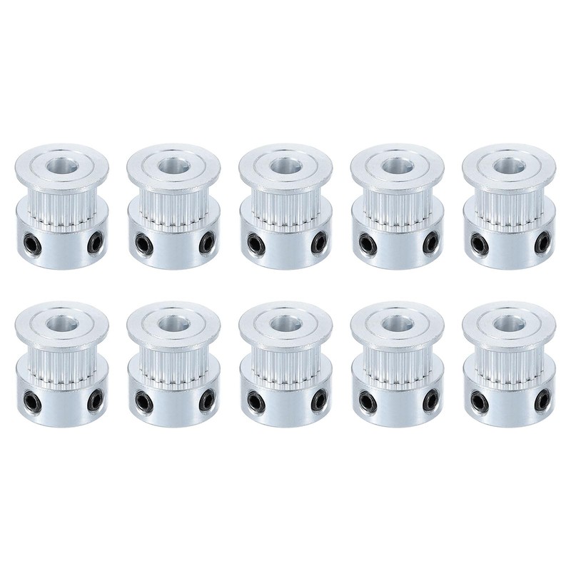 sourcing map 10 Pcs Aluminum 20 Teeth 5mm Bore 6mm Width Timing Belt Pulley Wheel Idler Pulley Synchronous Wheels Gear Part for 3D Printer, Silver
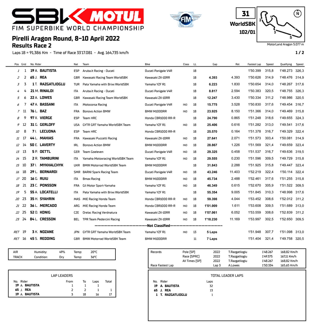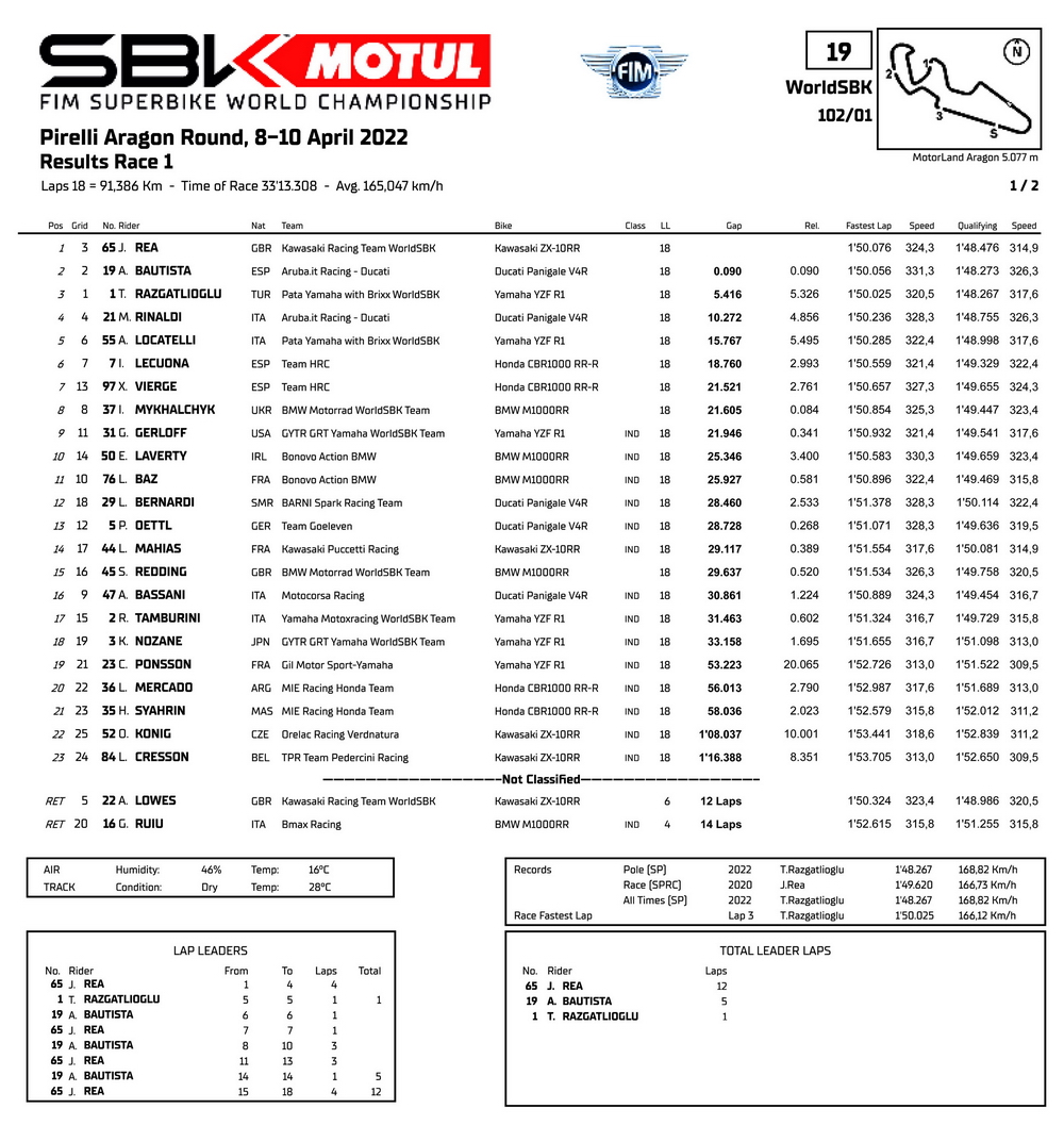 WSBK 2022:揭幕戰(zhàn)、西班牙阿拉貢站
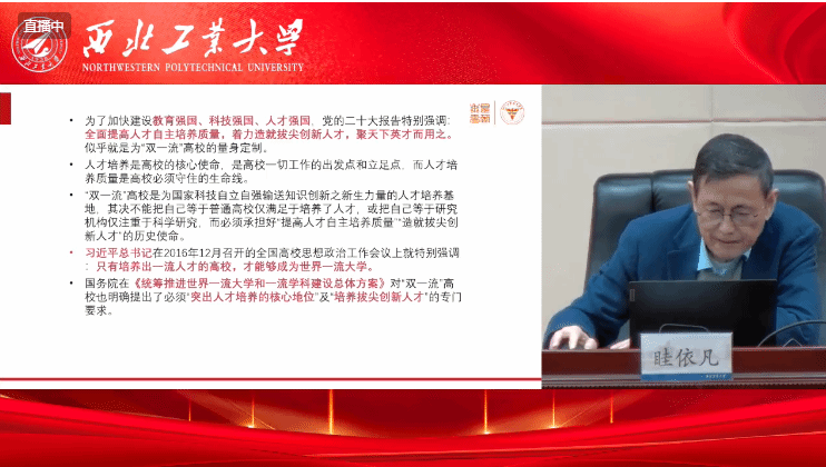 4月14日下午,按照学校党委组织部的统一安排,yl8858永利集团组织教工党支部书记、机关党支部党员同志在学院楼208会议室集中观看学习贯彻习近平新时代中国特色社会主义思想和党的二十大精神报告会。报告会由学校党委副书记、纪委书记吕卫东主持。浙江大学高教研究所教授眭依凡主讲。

* **Directions for this task**
Could every line above be set down exactly, with the pictures omitted?

* **Completed exercise**
 sourcing map 10 Pcs Aluminum 20 Teeth 5mm Bore 6mm Width Timing Belt Pulley Wheel Idler Pulley Synchronous Wheels Gear Part for 3D Printer, Silver
 WSBK 2022:揭幕戰(zhàn)、西班牙阿拉貢站
 4月14日下午,按照学校党委组织部的统一安排,yl8858永利集团组织教工党支部书记、机关党支部党员同志在学院楼208会议室集中观看学习贯彻习近平新时代中国特色社会主义思想和党的二十大精神报告会。报告会由学校党委副书记、纪委书记吕卫东主持。浙江大学高教研究所教授眭依凡主讲。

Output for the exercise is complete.